# So, Let's see YOUR Christmas card for this year!



## The A Team (Dec 1, 2005)

OK - I'm starting to see some of your Christmas Cards, and they're lookin' good :thumbsup: 
...so here's your chance, cause I want to see even more  


Personally, I couldn't make up my mind :smstarz: - so I had some of each picture made.
I never did have very good decision making skills.
[attachment=30112:2007_Chr...s_Card_1.jpg][attachment=30113:2007_Chr...s_Card_2.
pg]

Let's get this Holiday Season rolling already!!!!! :smilie_daumenpos:


----------



## casa verde maltese (Apr 7, 2007)

Those are GREAT!!! I just finished my 1st ever Christmas letter - but as it is 3 pages with photos - I don't think I'll post it. We haven't taken our photo yet..
but as soon as we do I'll post.


----------



## MissMelanie (Feb 13, 2006)

Pat, those are GREAT photos on your cards!!! I love how the sand looks like snow... beautiful.

enJOY!
Melanie


----------



## Harley & Dakotas Mum (Jun 11, 2005)

I wanted to do my own again this year, and use the same theme as last year, but I need to re-make Dakota's dress as it no longer fits and I have totally run out of time - unless I somehow manage to get it made & photo's taken today ..... 

This is the back-up plan (it's a bit lame) ... it's sitting in my shopping cart on snapfish ..
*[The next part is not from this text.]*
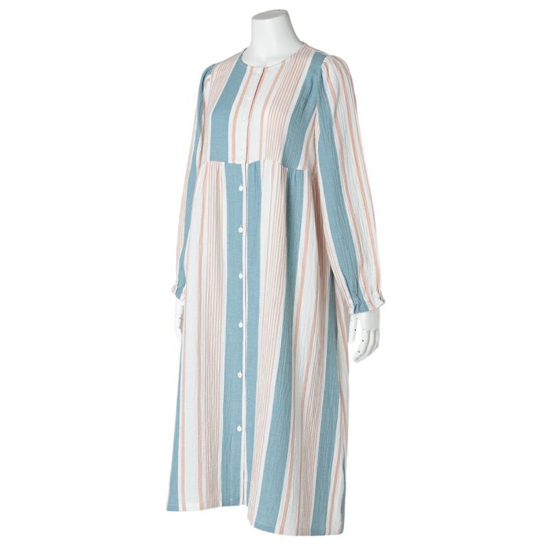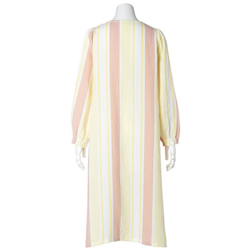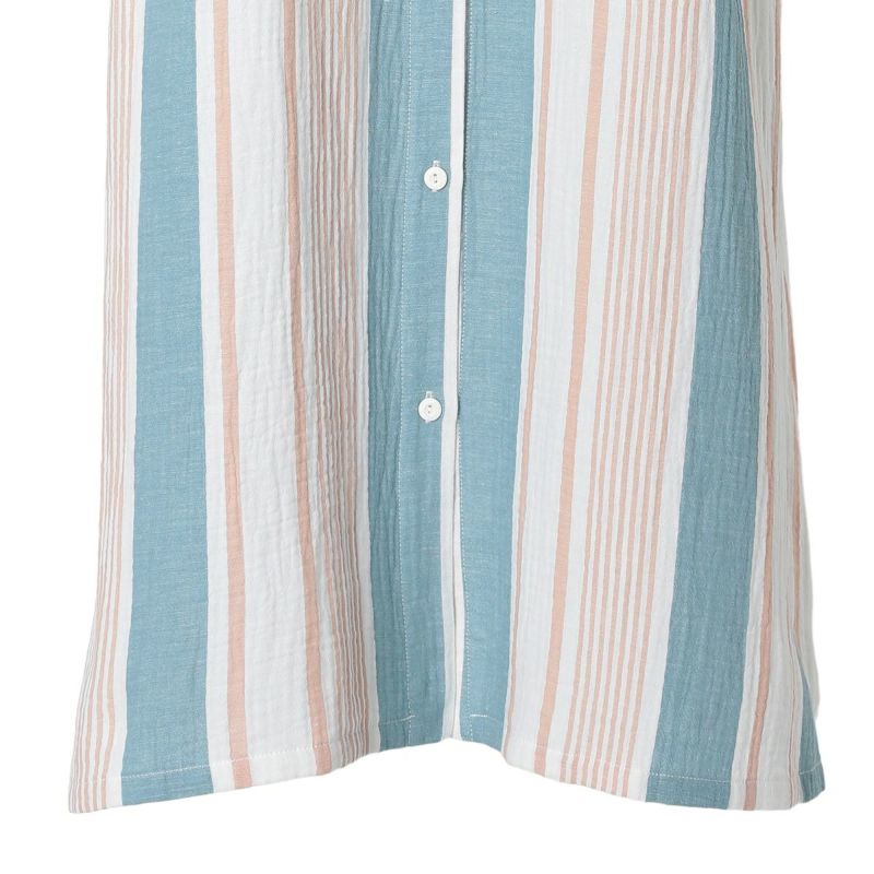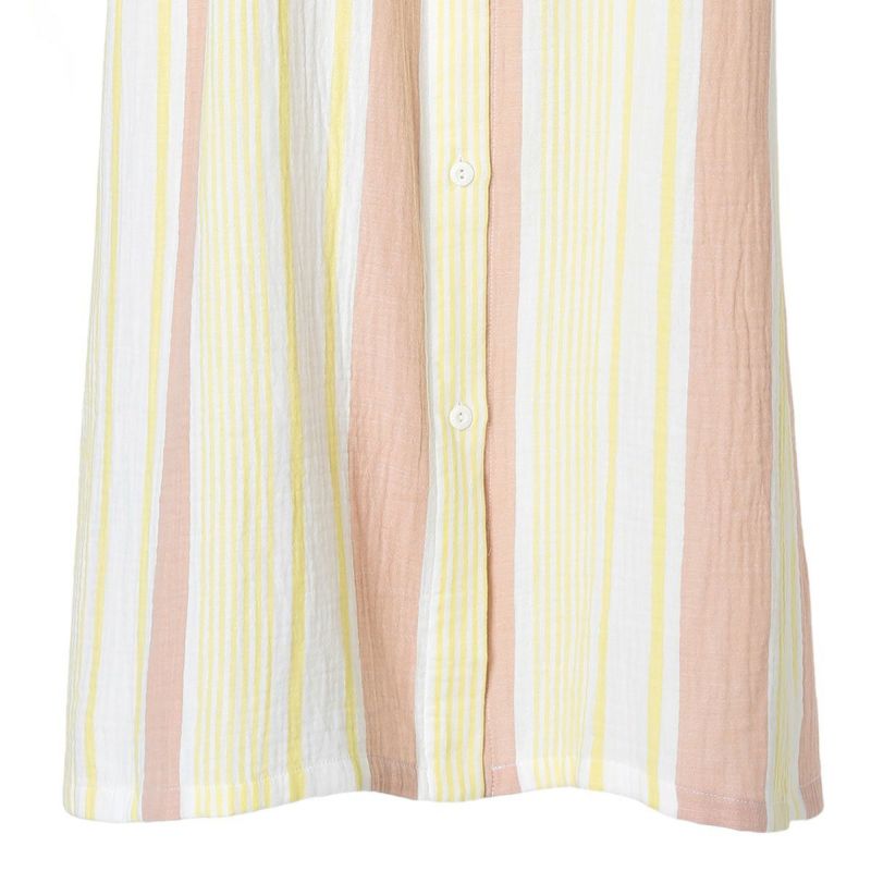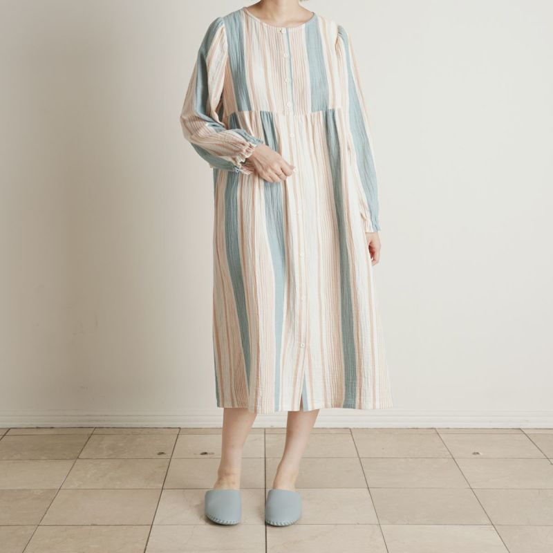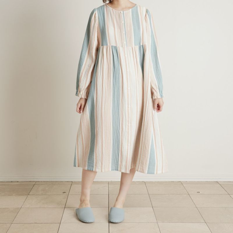 人気のWガーゼ素材のナイトウエアシリーズ。太いランダムなストライプがこなれた印象です。タテヨコで撚りの違う糸を使用することで生地の表面に凹凸を出し、通常のWガーゼより肌離れしやすく柔らかい生地感に仕上げ快適な着心地に。

[attachment=30114:xmas_07.jpg]


----------



## vjw (Dec 20, 2006)

I see why you couldn't pick a favorite picture Pat. I like both of them too! I really wanted to do a collage of all our pets for a Christmas card but haven't taken good pictures of our horses yet. I may have to wait until next year with the collage idea. Here's Karli's Christmas picture:


----------



## deuce (May 31, 2007)

Here is ours:
[attachment=30115:xmas.jpg]


----------



## 2maltese4me (May 8, 2006)

Love them all!!! Mine aren't done yet...maybe next week.


----------



## dogloverx3 (Apr 14, 2006)

I haven't done mine yet , I always wait until after the 1st to do anything yuletide . The thought of taking a decent shot of the 5 of them makes me blanch - 4 was much easier . Everyones look GORGEOUS :wub: . Sarah


----------



## sassy's mommy (Aug 29, 2005)

Both cards are great............I can see why you are having a difficult time choosing.


----------



## Harley & Dakotas Mum (Jun 11, 2005)

Ok, I felt bad so I made Dakota a new dress - same as last year, only bigger! LOL

Here is one of our 'practice' shots, they had to check everything out before we got down to business! - I will post the finished product soon....

[attachment=30123ractice_ii.jpg]

Last years pic

[attachment=30124:cmas_06_iv.jpg]


----------



## The A Team (Dec 1, 2005)

> I wanted to do my own again this year, and use the same theme as last year, but I need to re-make Dakota's dress as it no longer fits and I have totally run out of time - unless I somehow manage to get it made & photo's taken today .....
> 
> This is the back-up plan (it's a bit lame) ... it's sitting in my shopping cart on snapfish ..
> 
> [attachment=30114:xmas_07.jpg][/B]


This one is cute - why do u think it's lame?


----------



## The A Team (Dec 1, 2005)

> I see why you couldn't pick a favorite picture Pat. I like both of them too! I really wanted to do a collage of all our pets for a Christmas card but haven't taken good pictures of our horses yet. I may have to wait until next year with the collage idea. Here's Karli's Christmas picture:
> 
> 
> 
> ...


Cute picture of Karli!! Wow, the background is very pretty!!!


----------



## The A Team (Dec 1, 2005)

> Ok, I felt bad so I made Dakota a new dress - same as last year, only bigger! LOL
> 
> Here is one of our 'practice' shots, they had to check everything out before we got down to business! - I will post the finished product soon....
> 
> [attachment=30123ractice_ii.jpg][/B]


 :HistericalSmiley: :HistericalSmiley: Looks like you've got your work cut out for you! Can't wait to see the "Keeper"


----------



## The A Team (Dec 1, 2005)

> Here is ours:
> [attachment=30115:xmas.jpg][/B]



What a nice family pic in front of the fire place - very warm and cosy...


----------



## Harley & Dakotas Mum (Jun 11, 2005)

Ok, I feel better now, I feel like I've actually put some effort into it - only a bit of sewing and _several_ brief photo sessions ......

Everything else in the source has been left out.